Spanish bluebells. Photo by: Gerry Bishop / Shutterstock.

Plant natives.

Choose native woodland plants endemic to your particular region. Non-natives can also be incorporated. Include shade-tolerant trees, shrubs, perennials, and ground covers.

Choose the right-sized trees.

Select trees and shrubs that will stay in scale with the size of your property and won’t become overgrown. For small urban lots, one or two primary trees may be all you have room for. Smaller trees and dwarf varieties are more suited to compact urban yards, while larger trees will have ample room to grow on spacious country acreage.

Layer plantings.

Include garden layers: canopy, understory, shrub layer, and ground cover plants for a tapestry of color. Include a mix of trees, flowering shrubs, perennials, and bulbs.

Plant for year-round interest.

Choose plants with multi-seasonal interest for year-round appeal. Include varieties with contrasting textures, leaf shapes, flower color, berries, fall color, and attractive bark. Plant spring ephemerals such as trillium, snowdrops, winter aconite, and cyclamen that will go dormant in summer and intersperse ground cover plants such as sweet woodruff, wild strawberry, and ginger that will continue to provide interest through summer and fall. Incorporate broadleaf evergreens and conifers that will keep their foliage year-round.

Planting underneath trees.

Areas under trees can be difficult to plant and maintain. Trees have dense root systems that force other plants to compete for water and nutrients. Choose smaller perennials and bulbs and avoid damaging tree roots when planting. Some of the best plants for underneath trees and other challenging dry shade areas include ajuga, bishop’s hat, cyclamen, lily of the valley, liriope, snowdrops, sweet woodruff, vinca, violet, wild strawberry and windflower. (See: Underplanting Large Trees: 5 Expert Tips)

Include ferns.

Ferns are an integral part of woodland landscapes. Include native ferns and varieties in different sizes, leaf shapes and textures for contrast. (See: 15 Best Ferns to Grow Outdoors for ideas.)

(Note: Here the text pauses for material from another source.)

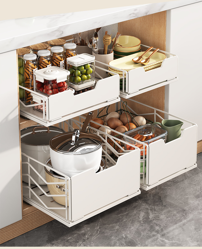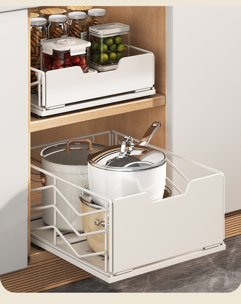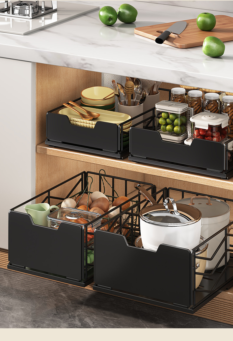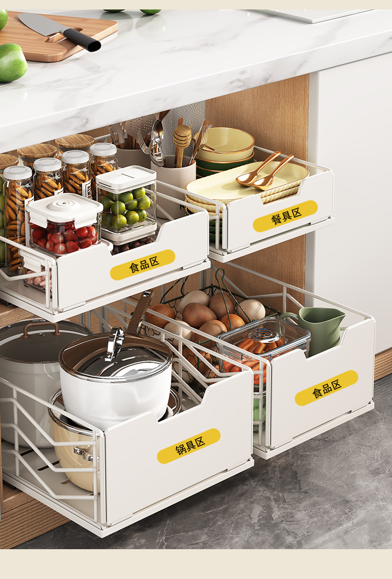 주방 다기능 접이식 풀아웃 보관 바구니 보관 랙 캐비닛 싱크대 서랍 풀아웃 바구니 조미료 랙 크로스보더스토어 가기

TREES Birch, cherry, crabapple, dogwood, Japanese maple, maple, oak, redbud, serviceberry, stewartia
SHRUBS Azalea, camellia, hydrangea, mountain laurel, pieris, red twig dogwood, rhododendron, spicebush, viburnum, witch hazel
PERENNIALS Astilbe, bishop’s hat, black cohosh, bleeding heart, bluebell, columbine, coral bells, ferns, foamflower, foxglove, geranium, hellebore, hosta, lungwort, meadow rue, phlox, primrose, Siberian bugloss, Solomon’s seal, spiderwort, winter aconite
GROUND COVERS Ajuga, ginger, lamium, lily of the valley, liriope, trillium, sweet cicely, sweet woodruff, violet, wild strawberry
BULBS Anemone, crocus, cyclamen, daffodil, dwarf iris, erythronium, fritillaria, glory-of-the-snow, muscari, snowdrop


Photo: Kevin Lee Jacobs. (See more of this garden)

A woodland landscape is lower maintenance than many other types of gardens. Allow your yard to retain a naturalistic appearance.


If tree canopies become too dense, they can be thinned out to allow more dappled light. This may require an experienced arborist. For trees and shrubs, cut out dead, diseased or broken branches. Evaluate plants on an individual basis to determine the best time to prune.

Fall cleanup.

Woodland plants are nourished in their native habitat by leaves that fall to the forest floor and decompose into the soil to feed plants. In fall, clean off pathways, patios, and other trafficked areas and rake leaves into garden beds. The leaf litter will decompose, providing nutrients and helping to insulate plants over the winter. Leaves can be shredded with a lawn mower to aid decomposition.

Spring maintenance.

In spring, remove leaves from around the base of plants. Leaves may develop a matted layer that should be aerated or broken up. Garden beds will eventually need little or no supplemental compost or other nutrients, as decayed leaves will continue to feed plants throughout the growing season.